> **HOW TO COMPLETE THIS TASK**
Your output must be the lines below from the line containing "Figur 4 Ballen er i kurven" to the line containing "文化是民族的灵魂，一个民族的", both lines included, reproduced exactly and without pictures.

━━━ SUPPLIED INFORMATION

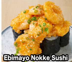
Ebimayo Nokke Sushi
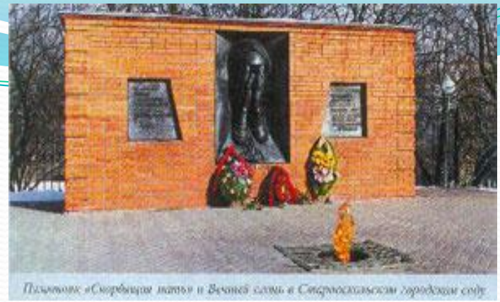
Памятник «Скорбящая мать» в Великой славы в Старооскольском городском саду.

Он в сердце – всегда на виду... (5 мая 2011 г. Городу присвоено звание «Город воинской славы»)
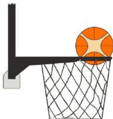
Figur 4 Ballen er i kurven

31-24 Utsagn. Det er ulovlig ballberøring hvis en forsvarsspiller berører ballen mens den er i kurven.
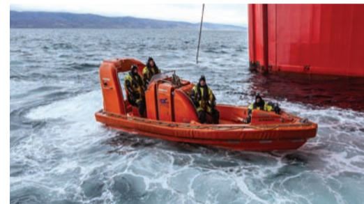
Учения на ППБУ по тревоге «человек за бортом»
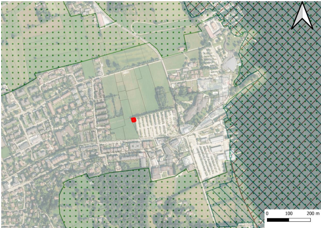
Abb. 2: Distanz des Planungsgebietes (rot) zu Schutzgebieten des Naturschutzes

Durch den Bereich des geplanten Maststandorts verlaufen keine gesetzlich geschützten Gebiete. Die nächsten Schutzgebiete sind das FFH- Gebiet „Chiemsee“ Nr. DE8140372 sowie das Vogelschutzgebiet „Chiemseegebiet mit Alz“ Nr. DE8140471 und das Landschaftsschutzgebiet LSG-00396.01 „Schutz des Chiemsees, seiner Inseln und Ufergebiete in den Landkreisen Rosenheim und Traunstein als LSG ("Chiemsee-Schutzverordnung)". Diese Schutzgebiete sind wichtige Lebensräume für viele Tier und Pflanzenarten. Es sind keine amtlich kartierten Biotope auf dem Plangebiet bekannt. Nachfolgende Abbildung zeigt die Lage im Kontext der umliegenden Schutzgebietskulisse auf:
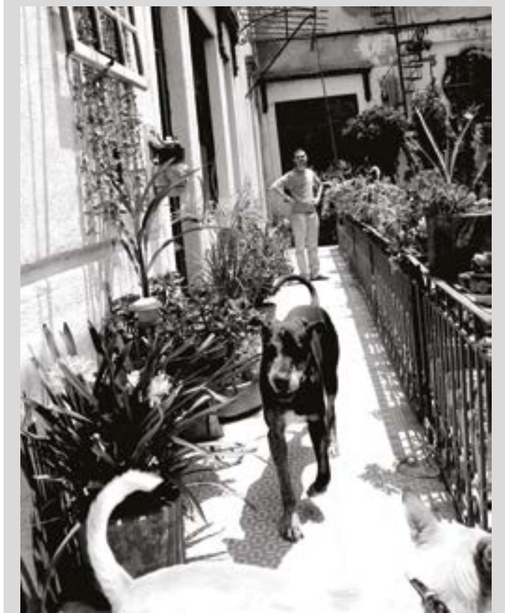
En el interior de la Verde Morada: Foto: Luis Gómez

Casas que alberga iniciativas comunitarias y sustentables, gracias a un grupo que es parte de diversos proyectos culturales. Además, es un huerto colectivo en el que se muestran diversas técnicas de agricultura urbana, talleres para relacionarse de distintas maneras con el entorno ciudadano, biblioteca, estancia y lenguas indígenas.
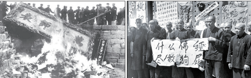
左:文革中孔庙被焚毁;右:红卫兵捣毁哈尔滨极乐,和尚被逼拉标语自辱。

文化是民族的灵魂，一个民族的文明史就是其文化发展史。传统文化是人类文明的精华，具有相对稳定性，起着规范人类行为和维系社会稳定的重要作用。
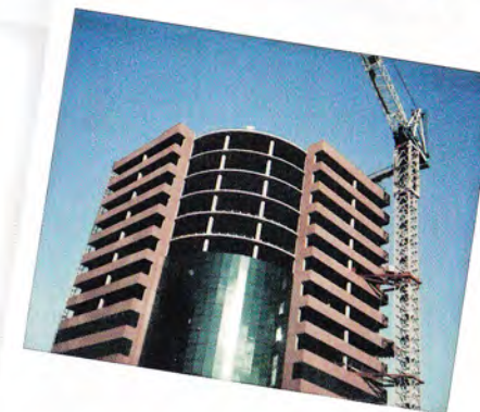
Per documentare l'avanzamento dei lavori.
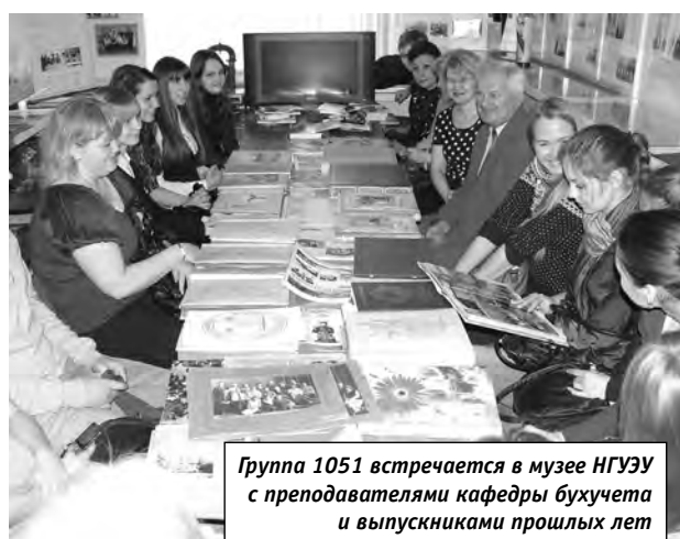
Группа 1051 встречается в музее НГУЭУ с преподавателями кафедры бухучета и выпускниками прошлых лет

«Студентам – о вузе и профессии» – так называется проект, который в нынешнем учебном году реализует музей истории НГУЭУ. Его цель – лучше познакомиться первокурсников с историей нашего университета и его сегодняшним днем, с профессией, которой они обучаются, с преподавателями и руководителями их базовых кафедр. Гостями таких встреч также становятся выпускники данных специальностей прошлых лет, которые могут рассказать тем, кто только начинает учебу, много интересного.
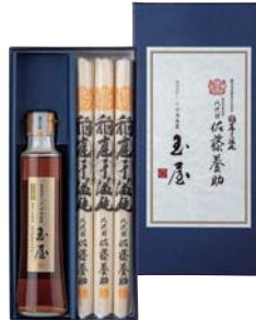
C261-704(YK30N) 八代目 佐藤養助 稲庭干温飩・しろだしつゆ詰合せ うどん80g×5、白だしつゆ200ml×1

━━━━━━

> **EXERCISE ANSWER**
Figur 4 Ballen er i kurven

31-24 Utsagn. Det er ulovlig ballberøring hvis en forsvarsspiller berører ballen mens den er i kurven.
Учения на ППБУ по тревоге «человек за бортом»
Abb. 2: Distanz des Planungsgebietes (rot) zu Schutzgebieten des Naturschutzes

Durch den Bereich des geplanten Maststandorts verlaufen keine gesetzlich geschützten Gebiete. Die nächsten Schutzgebiete sind das FFH- Gebiet „Chiemsee“ Nr. DE8140372 sowie das Vogelschutzgebiet „Chiemseegebiet mit Alz“ Nr. DE8140471 und das Landschaftsschutzgebiet LSG-00396.01 „Schutz des Chiemsees, seiner Inseln und Ufergebiete in den Landkreisen Rosenheim und Traunstein als LSG ("Chiemsee-Schutzverordnung)". Diese Schutzgebiete sind wichtige Lebensräume für viele Tier und Pflanzenarten. Es sind keine amtlich kartierten Biotope auf dem Plangebiet bekannt. Nachfolgende Abbildung zeigt die Lage im Kontext der umliegenden Schutzgebietskulisse auf:
En el interior de la Verde Morada: Foto: Luis Gómez

Casas que alberga iniciativas comunitarias y sustentables, gracias a un grupo que es parte de diversos proyectos culturales. Además, es un huerto colectivo en el que se muestran diversas técnicas de agricultura urbana, talleres para relacionarse de distintas maneras con el entorno ciudadano, biblioteca, estancia y lenguas indígenas.
左:文革中孔庙被焚毁;右:红卫兵捣毁哈尔滨极乐,和尚被逼拉标语自辱。

文化是民族的灵魂，一个民族的文明史就是其文化发展史。传统文化是人类文明的精华，具有相对稳定性，起着规范人类行为和维系社会稳定的重要作用。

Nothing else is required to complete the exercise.